Uma das medidas para que essa qualidade seja certificada é a avaliação dos campos onde são produzidas as sementes. Esse processo é feito periodicamente, durante todo o ciclo produtivo. Essas vistorias servem para coletar informações dos campos de produção e compará-las com os padrões estabelecidos pelas normas do MAPA.

Um dos objetivos da coleta e análise das informações do campo de sementes é garantir sua pureza varietal durante os ciclos produtivos. Essas medidas servem para proporcionar ao produto o melhor desempenho no campo e potencializar os efeitos de outros insumos agrícolas, como fertilizantes e defensivos. 

Sementes produzidas sem o processo de certificação são consideradas sementes piratas. Estas são vendidas no mercado informal e normalmente são comercializadas por fornecedores descredenciados e falsificadores.
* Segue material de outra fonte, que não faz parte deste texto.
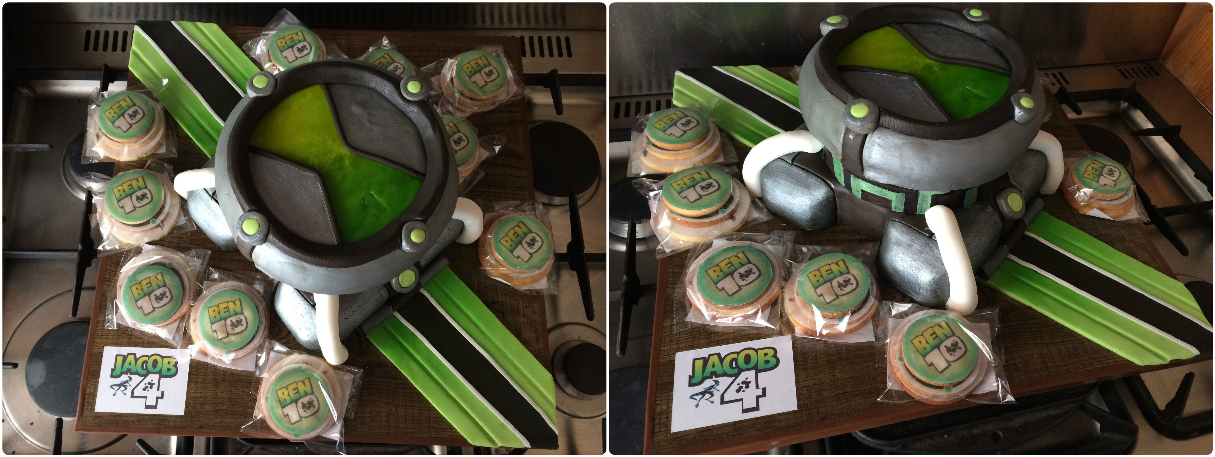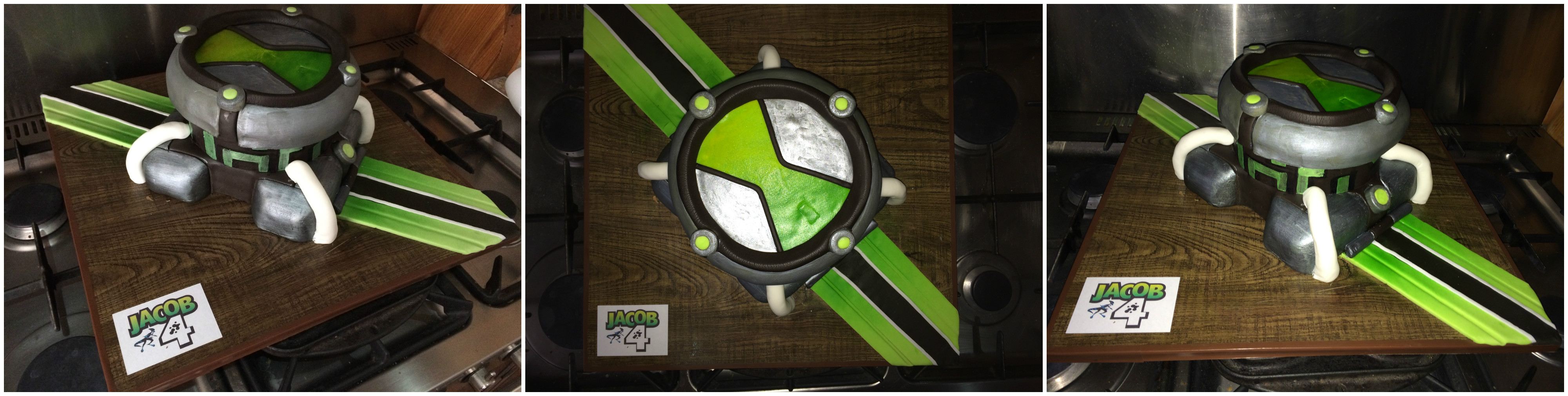 A week or so back my Blue One turned four (I feel so emotional about this…) and he is a massive Ben Ten fan – knows the aliens, loves all the different series (when Ben is 10 or when he is 15) so it was only fitting that he should have an Omnitrix birthday cake!
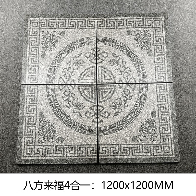 XMSJ鲤鱼荷花地砖图案新中式客厅拼花瓷砖玄关过道地板砖定制 800mmx800mm
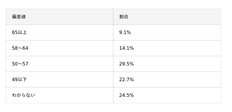 「塾なしでは、難関校への合格は難しいのではないか」という疑問に対しても、今回の調査は興味深いデータを示しています。お子様が合格した高校の偏差値を尋ねたところ、「偏差値50~57(29.5%)」が最も多いボリュームゾーンではあるものの、「偏差値58~64(14.1%)」「偏差値65以上(9.1%)」を合わせると、全体の23.2%、つまり約4人に1人が偏差値58以上の高校に合格していることが判明しました。
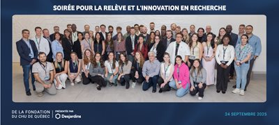 La Fondation du CHU de Québec a organisé avec succès la Soirée pour la relève et l’innovation en recherche, présentée par Desjardins, le 24 septembre 2025. Cet événement cocktail a mis à l’honneur les avancées remarquables et l’excellence de la recherche au Centre de recherche du CHU de Québec-Université Laval (CHU).
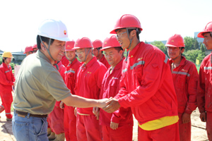 中石油管道局穿越公司党委书记崔华慰问员工。 |
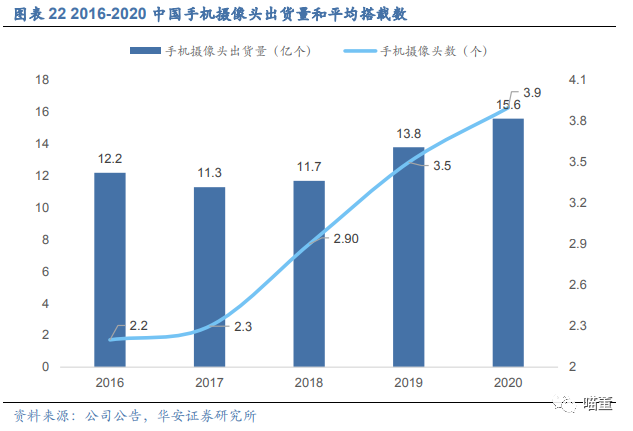 手机摄像头出货量超60亿颗,后续有望进一步上升。随着用户对手机摄像需求的提升以及多摄技术成熟度的提升,2016年到2020 年,手机平均搭载摄像头个数从2.2个上升到 3.9 个,平均每部手机增加1.5个摄像头。其也带动了在手机出货量连续三年下降的情况下,手机摄像头出货量连续增长。以国内为例,国产手机摄像头出货量从2018年的 11.7亿个增长到了2020 年的15.6亿个。
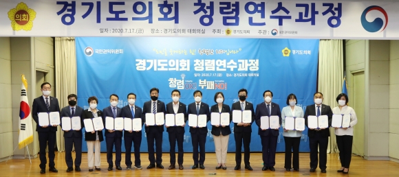 17일 오후 3시부터 경기도의회 대회의실에서 진행된 국민권익위 청렴연수원 청렴교육은 청렴서약식, 청렴판소리, 청렴 토크콘서트 등으로 진행됐다.
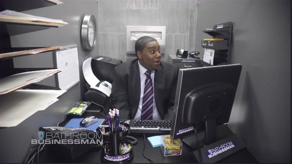 This sketch is a public service announcement for decency to tell people it is disgusting to work in the bathroom. In the skit, Kenan Thompson is a businessman with a portable office that he sets up in bathroom stalls. He increases his efficiency by working on the toilet, but ultimately faces a problem when he sets up his office space, but can not get to the toilet to sit down.
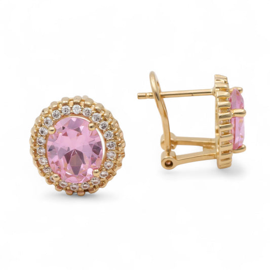 10K Yellow Gold Fashion Omega Stud Earrings with Pink and White Stones / Weight: 4.6 GR / CQES0FS
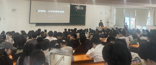 宣讲会伊始,深圳百果园实业股份有限公司人事主管王亚宁经理向在场的同学们介绍了百果园的基本情况、企业文化和发展理念。他表示,百果园秉承“成为全球领先的水果生态科技型公司”的愿景,追求企业与员工、企业与社会之间的和谐发展,使同学们对未来职业发展规划充满美好愿景。
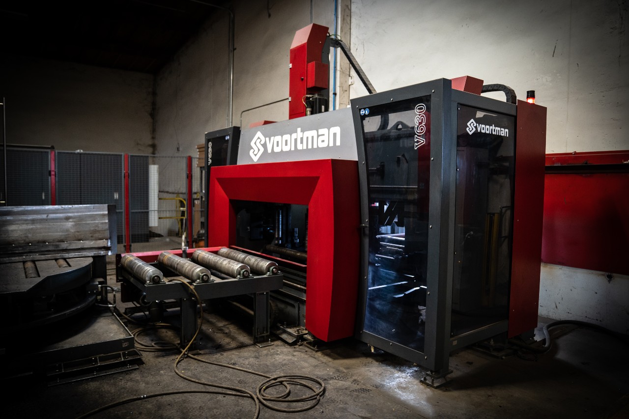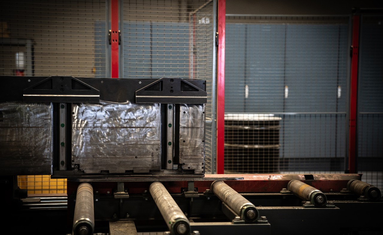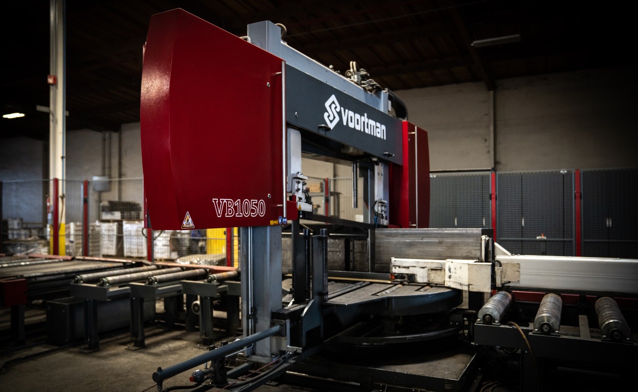Our 40" CNC Band Saw, capable of cutting 40" X 397 lb steel beams up to 65' long, with pitch cuts from 45° to 60°, and a small parts and trim cut remover.
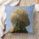 Herrliche nahe Aussicht auf die Spitze der Limonen Hydrangea-Blume mit grünen Blätter, die auf einen wunderschönen blauen Himmel zeigen. BACK of Kissen ist eine hellblaue Hintergrundfarbe. Klicken Sie auf Anpassen, wenn Sie Ihren Text personalisieren möchten. Foto von unserem Hydrangea-Strauß aufgenommen. Original Fotografie © 2012 TamiraZDesign.
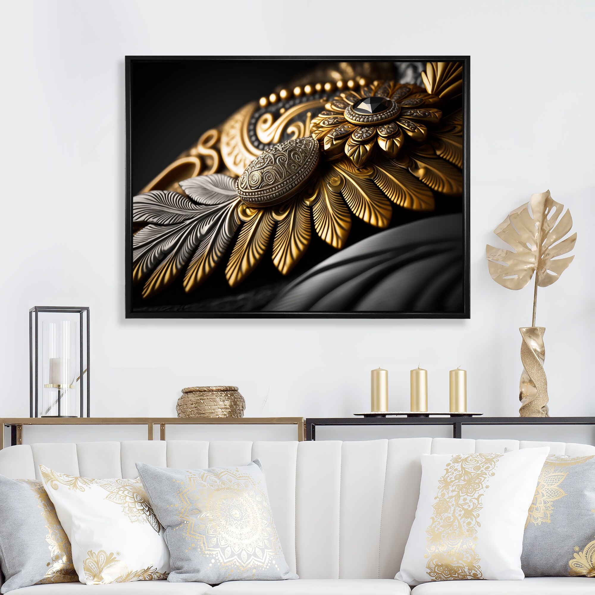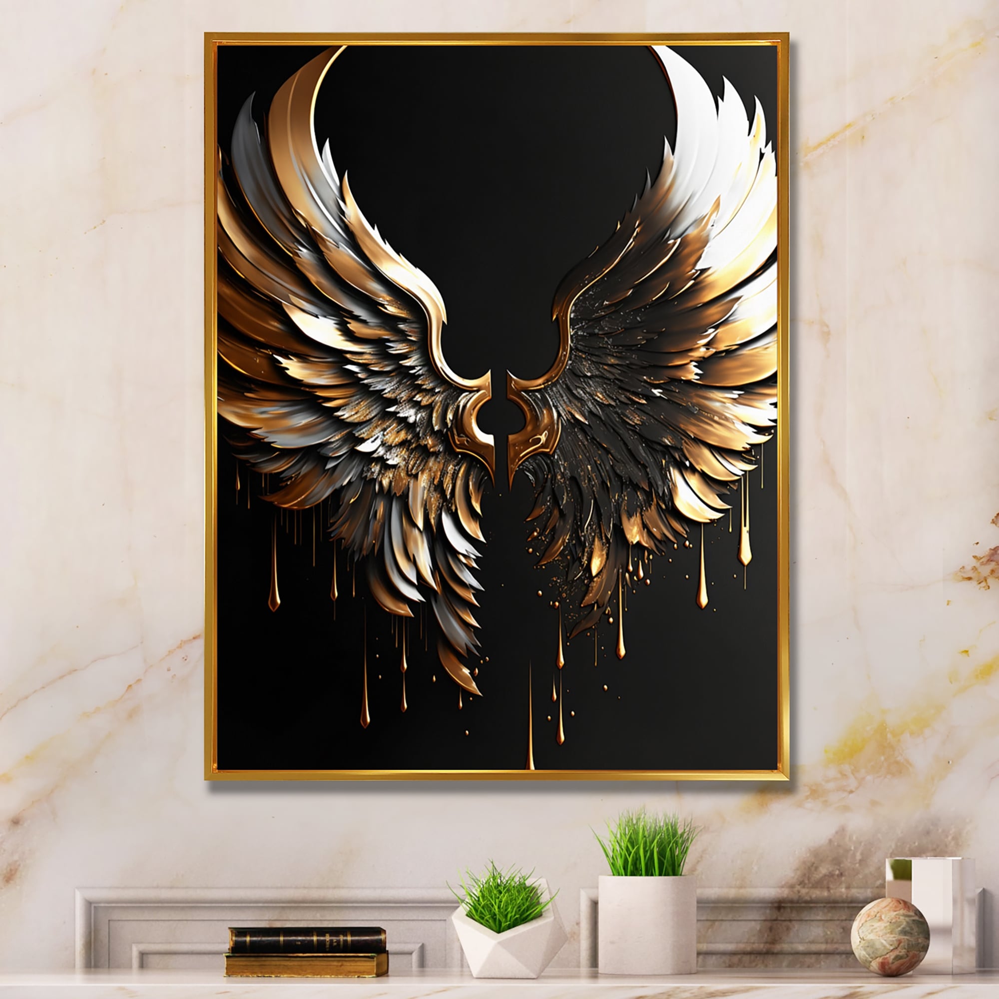 Designart "Black Silver And Gold Angel Wings I" Contemporary Glam Framed Canvas Art Print
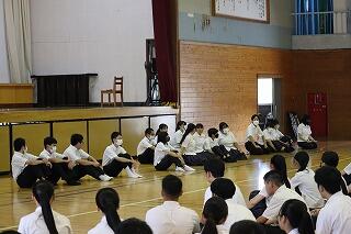 高文祭壮行式 投稿日時 : 2023/09/15 広報5 9月23日から都城市で行われる高校総合文化祭に出場する部活動や生徒会の壮行式が行われました。 文化部生徒にとって年に1回のとても大きな行事です。競技だけでなく、交流など多くの分野がありますが、それぞれの分野でしっかり活躍してくれると思います。
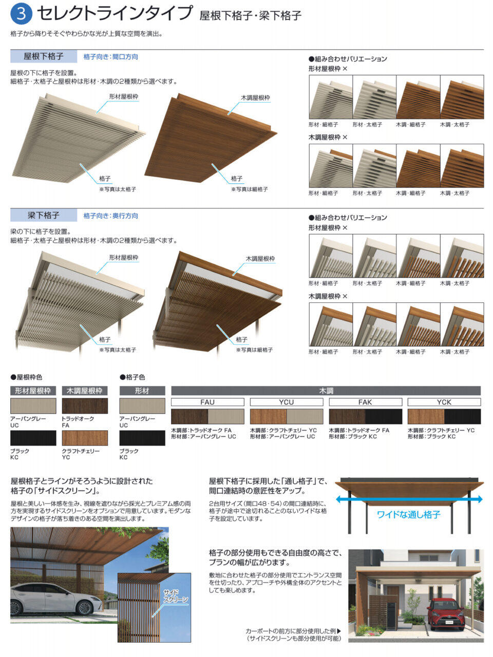 カーポートをベースに家族構成や生活スタイル、敷地条件などに合わせてエントランス空間を柔軟な発想で演出する「U.スタイル アゼスト」。シンプルデザインを追求したスタイリッシュなフォルムや、デザイン性を高める天井材付きの屋根を採用し、スタンダードからラグジュアリーな空間まで幅広いプランを提案します。
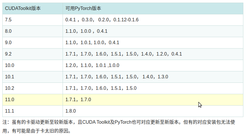 我目前是驱动版本为10.1,我于是将这个设为cudatoolkit=10.1(在我上一篇文章2021(接近2022)linux(ubuntu16.04)安装cuda跑深度学习步骤以及踩坑过程(ELF标头无效、导入torch后torch.cuda.is_available()为False等等)_Dcityy的博客-CSDN博客有提到),但因为我之前的驱动版本是11.4所以不会造成影响,现在版本降低就出现了问题。所以正确的做法是将cudatoolkit设置为小于10.1的。但这里又需要注意一个版本对应问题。
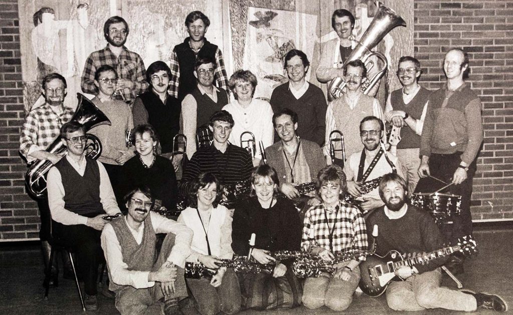 BESETNINGEN I 1983: Det eldste bildet av Storbandet Fokus i ReAvisa-arkivet. Foto: Storbandet Fokus.
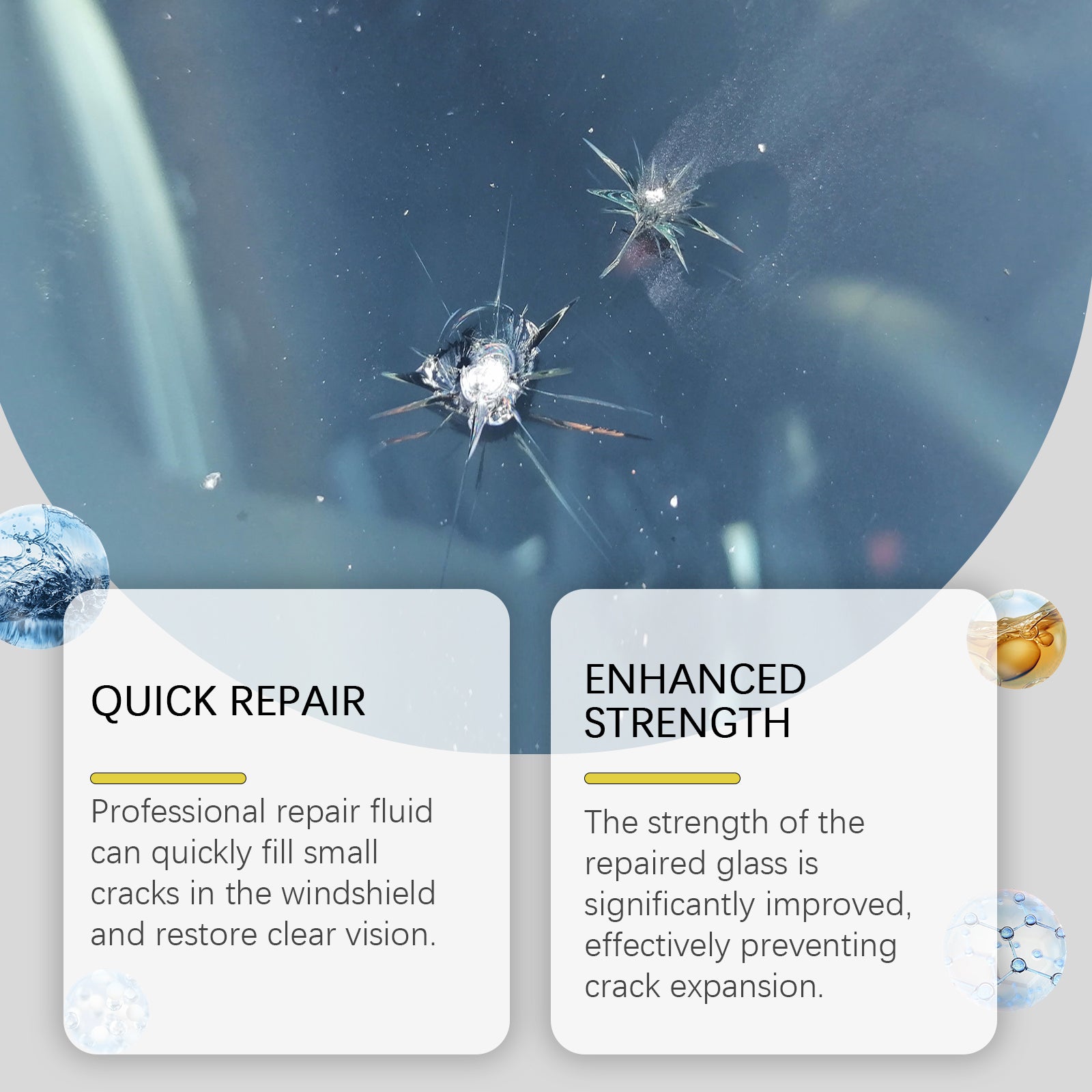 Our three-piece set for car windshield care is carefully formulated with propylene monomer and phenyl dimethyl ether. Designed specifically for quickly filling small cracks on the windshield and restoring a clear view. The usage method is extremely convenient: Clean and dry the damaged area of the windshield. Drop the windshield repair liquid onto the crack of the glass. Stick the cured film and let it cure quickly in the sun for 5 minutes. Finally, use a blade to clean the remaining resin on the surface. And it can significantly enhance the strength of the glass and effectively prevent crack propagation.

Quais são os perigos das sementes piratas?

Sementes piratas são aquelas que não passam por um controle de qualidade na sua produção e não possuem registro no MAPA, ou seja, produtos inferiores. A produção, venda ou compra de sementes piratas é ilegal. Além disso, o uso desse tipo de produto pode causar prejuízos de até 2 bilhões de reais por ano ao agricultor.

Dentre as causas dos prejuízos está a baixa qualidade, a ameaça de eficiência da atividade e todos os demais itens do custo de produção aplicados às lavouras.

O prejuízo mais imediato no uso de uma semente pirata é a baixa germinação. Geralmente as sementes piratas não têm uniformidade na sua germinação, gerando falhas na lavoura e prejudicando o estabelecimento da cultura. Essas falhas vão deixar mais espaço livre para as plantas daninhas que vão dificultar o controle da lavoura e aumentar os gastos com defensivos agrícolas.

Sem o controle de qualidade na produção, as sementes piratas podem carregar pragas e doenças que serão manifestadas no campo, com a implantação da lavoura. Patógenos que estão nas sementes piratas podem servir de contaminantes do solo, causando prejuízos nas safras seguintes.

Aumento da produção mundial

É sabido que o aumento populacional mundial nos próximos anos vai gerar uma demanda para uma maior produção agropecuária. Nesse sentido, somente com o uso de sementes certificadas é possível ter garantias do investimento em qualidade genética e alto vigor na produção.

As perspectivas para a produção agrícola no mundo colocam o Brasil em destaque no relatório apresentado pela OECD (Organização para Cooperação e Desenvolvimento Econômico) e pela FAO (Organização das Nações Unidas para a Alimentação e a Agricultura). A publicação prevê um aumento de 17% na produção agropecuária na América Latina e Caribe até 2027.

No Brasil, as produções de soja e milho são as que terão maior importância, impulsionadas pelo aumento da produção de proteína animal e o consumo desses grãos na forma de ração. Para que essa estimativa seja alcançada é imprescindível o uso de novas tecnologias e melhores produtividades na mesma área.

 

Fontes

Owen H. et al. Single nucleotide polymorphism assay to distinguish barley (Hordeum vulgare L.) varieties in support of seed certification. Genetic Resources Crop Evolution, 2019.

OECD/FAO. OECD-FAO Agricultural Outlook 2018-2027, OECD Publishing, Paris/Food and Agriculture Organization of the United Nations, 2018.